The defendant’s garage needed parking spaces in order to operate effectively since the garage was not situated in the sort of area where it would be possible to leave visitors’ cars on the road. On the evidence, the occupiers of the garage site had used the three areas of the petrol station site for parking since the 1970s. Although such use was irrelevant before division of the two sites in 1981, the use had continued almost unchanged over the years. Up to 15 cars a day had been parked in the three areas. In deciding whether a claimed right could amount to an easement, it was necessary to determine whether the party using the land had occupied the whole of the land over which the right was claimed to the exclusion of the landowner. If it had, then that could not amount to an easement. If, on the other hand, the party using the land did not use it to such an exclusive extent, and there were other uses of the land that could be made of it by the landowner, then an easement was capable of arising notwithstanding that the landowner had not in fact availed itself of that possibility. Notwithstanding the defendant’s use of certain of the three areas for parking, there were other possible uses of that land available to the claimant of which it did not seek to avail itself. Where the disputed land remained available for other purposes or uses, then the absence of actual use by the servient owner was unimportant. Although the defendant had used the land to park roughly 15 cars a day on the land during the hours of daylight and sometimes overnight, the claimant had not been excluded from the land and there were still uses to which the land could be put: Moncrieff v Jamieson [2007] UKHL 42; [2007] 43 EG 200 (CS) applied; Batchelor v Marlow [2001] EWCA Civ 1051; [2001] PLSCS 155 considered.

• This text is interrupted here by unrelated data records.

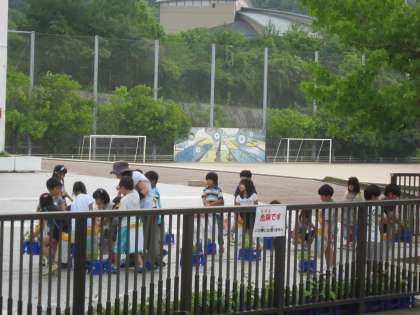 集いの広場においているアサガオの植木鉢の観察をしていました。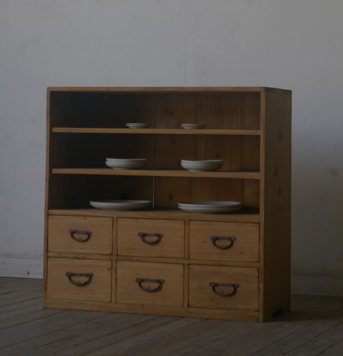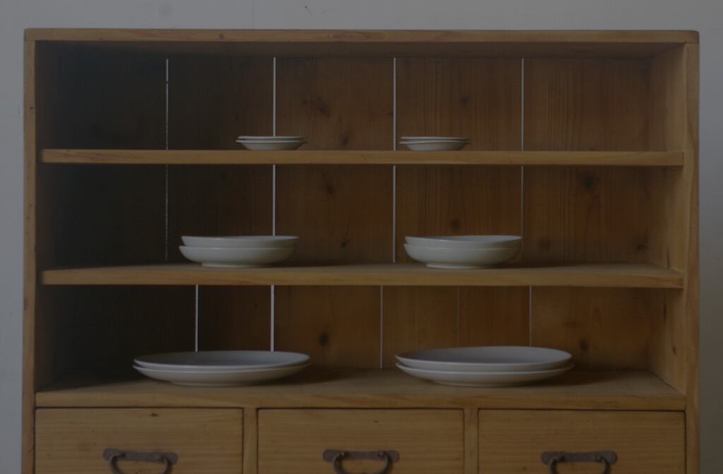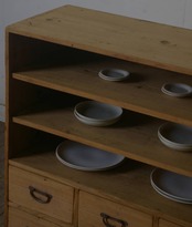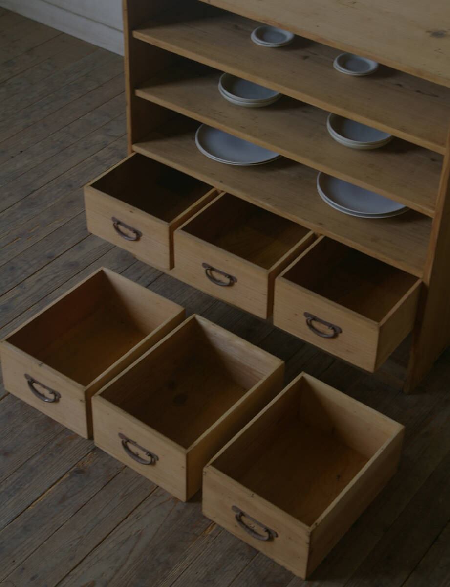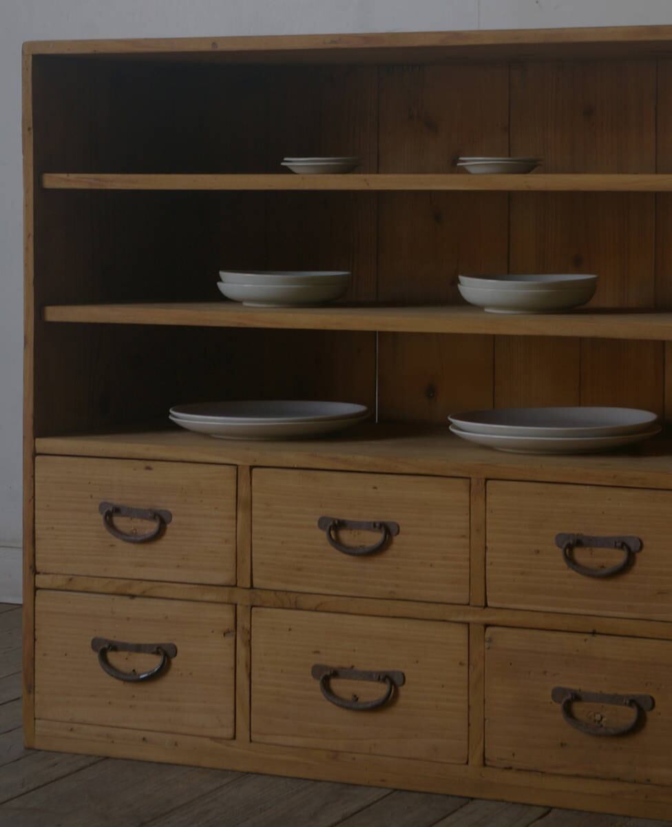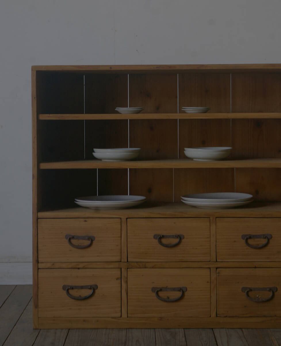 シンプルなデザインでサイズ感も良く6杯の引き出しという収納力もあり、古い無垢材の綺麗な木目がとても雰囲気の良いアンティーク飾り棚です。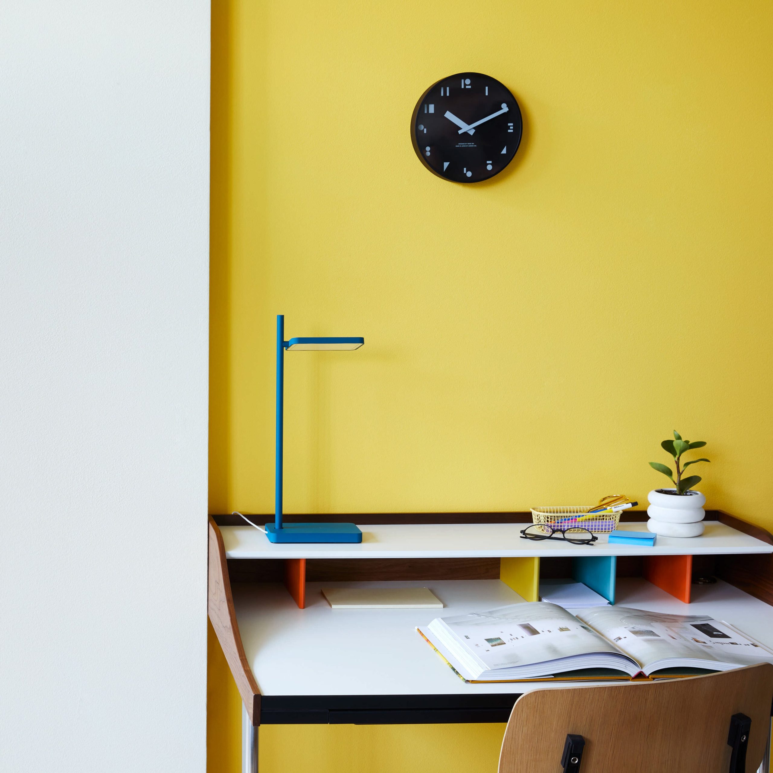 The Swag Leg Desk has a sculptural look. with signature curved metal legs. The desk offers colorful cubbyholes at the back for organization. with one slot for a 15 laptop. It also features two molded pull-out drawers and a grommet for cord management. The Nelson Swag Leg Desk was designed by George Nelson. whose work is featured in the Museum’s collection. The desk requires simple assembly. Made by Herman Miller®.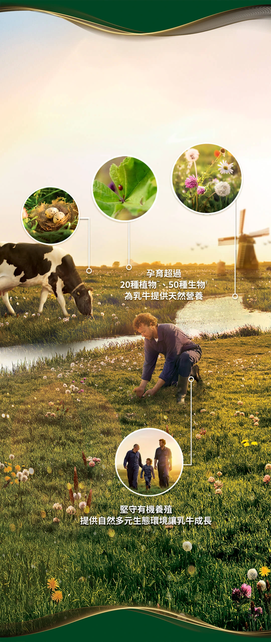 - 根據截至2023年7月的市場資料,有機荷蘭皇家美素佳兒®是香港市場上唯一奶源源自採用「生物多樣性監察系統」的荷蘭有機自家農場的成長配方奶粉產品。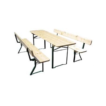 Aus zwei Materialien, nämlich aus Eisen und Holz gefertigt ist die Biergartengarnitur. So besteht das Untergestell sowohl beim Tisch als auch bei den zwei Bänken aus Winkeleisen. Die Untergestelle sind zum Witterungsschutz pulverbeschichtet in einem dunkelgrünen Farbton. Die Oberfläche, sowohl bei den Bänken als auch beim Tisch besteht aus Fichtenholz. Auch die Holzoberflächen sind entsprechend behandelt und bieten einen Witterungsschutz. Als Besonderheit sind die beiden Bänke bei der Biergartengarnitur mit einer Rückenlehne ausgestattet. Die Abmessungen der Biergartengarnitur betragen 220 x 67 cm.
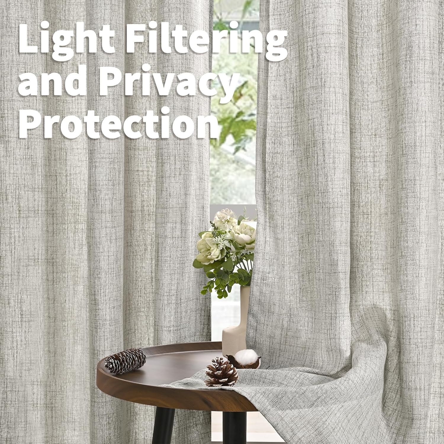• Textured Linen Look: Our faux linen curtains are made from linen blend fabric with a premium soft touch, excellent drape and wrinkle-free. Natural and rustic look that adds warmth and texture to any room, suitable for the living room, bedroom, farmhouse, dining room, office and any style space.

The infringement of rights of way was not the sort of unlawfulness contemplated by the authorities as preventing an easement from arising under the doctrine of lost modern grant: Bakewell Management Ltd v Brandwood [2004] UKHL 14; [2004] 2 EGLR 15; [2004] 20 EG 168 considered. There was no question of ultra vires or of any crime being committed. Moreover, the grant of the claimed easement could only be unlawful as against the beneficiary of the right of way. The defendant was the holder of that right of way and could consent to the right to park so far as she was able to do so on her own behalf. There was no infringement of the defendant’s own rights in such circumstances.

The acquisition of rights by adverse possession or by prescription was not so much through use as of right as through use “as of wrong” and against the will of one of the parties, in the absence of any permission. The use of the three areas of the petrol station site for parking had originally been without the permission of the owners of that land. Although parking on the three areas had been with the consent of the landowners for a period from late 2003, during the currency of the tenancy at will and subsequent lease granted to the defendant’s husband, that did not mean that the previous period of use was permissive. Consequently, the defendant was entitled to a right to park in the three areas.

Edward Denehan (instructed by Devonshires Solicitors) appeared for the claimant; David Holland QC (instructed by Shoosmiths LLP, of Birmingham) appeared for the defendant.